STREAMKMeans is an alternative version of the original algorithm STREAMLSEARCH proposed by O'Callaghan et al. 1, by replacing the k-medians using LSEARCH by the k-means algorithm.

However, instead of using the traditional k-means, which requires a total reclustering each time the temporary chunk of data points is full, the implementation of this algorithm uses an increamental k-means.

At first, the cluster centers are initialized with a KMeans instance. For a new point p:

  • If the size of chunk is less than the maximum size allowed, add the new point to the temporary chunk.

  • When the size of chunk reaches the maximum value size allowed

    • A new incremental KMeans instance is created. The latter will process all points in the temporary chunk.

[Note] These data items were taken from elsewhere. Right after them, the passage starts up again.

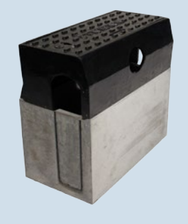
Half Battered Access Cover with Rodding Box for 502 System
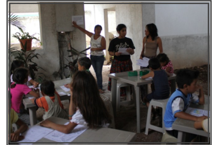
Our children's ministry is growing.
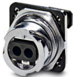
SC-RJ panel mounting frame, IP67, for bayonet interlocking, metal, with coupling for multi-mode, PCF and POF, SC-RJ on 2xSC, for round mounting cutout, with seal, without mounting screws

Please be informed that the data shown in this PDF Document is generated from our Online Catalog. Please find the complete data in the user's documentation. Our General Terms of Use for Downloads are valid ( http://phoenixcontact.com/download )
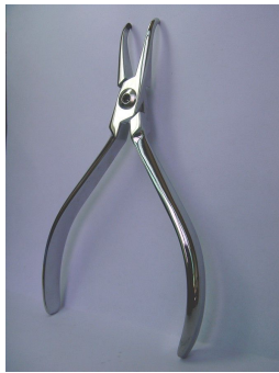
7 Utility Plier (Weingart Style, Slim Tips) OIP-106
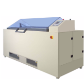
Corrosionbox H 600 I
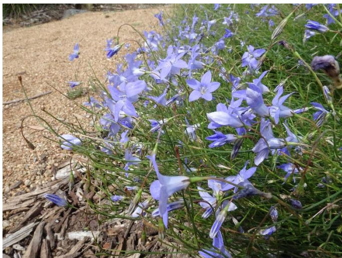
Wahlenbergia capillaris Tufted Bluebell. A perennial species with a thickened taproot.
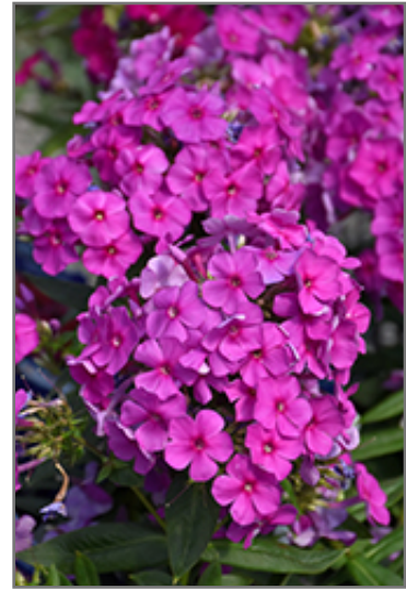
Flame Purple Garden Phlox flowers

Flame Purple Garden Phlox will grow to be about 10 inches tall at maturity, with a spread of 10 inches. When grown in masses or used as a bedding plant, individual plants should be spaced approximately 8 inches apart. It grows at a medium rate, and under ideal conditions can be expected to live for approximately 10 years. As an herbaceous perennial, this plant will usually die back to the crown each winter, and will regrow from the base each spring. Be careful not to disturb the crown in late winter when it may not be readily seen!

The centers of this new instance then become the new centers.

    • All points are deleted from the temporary chunk so that new points can be added.

  • When a prediction request arrives, the centers of the algorithm will be exactly the same as the centers of the original KMeans at the time of retrieval.

Parameters

  • chunk_size – defaults to 10

    Maximum size allowed for the temporary data chunk.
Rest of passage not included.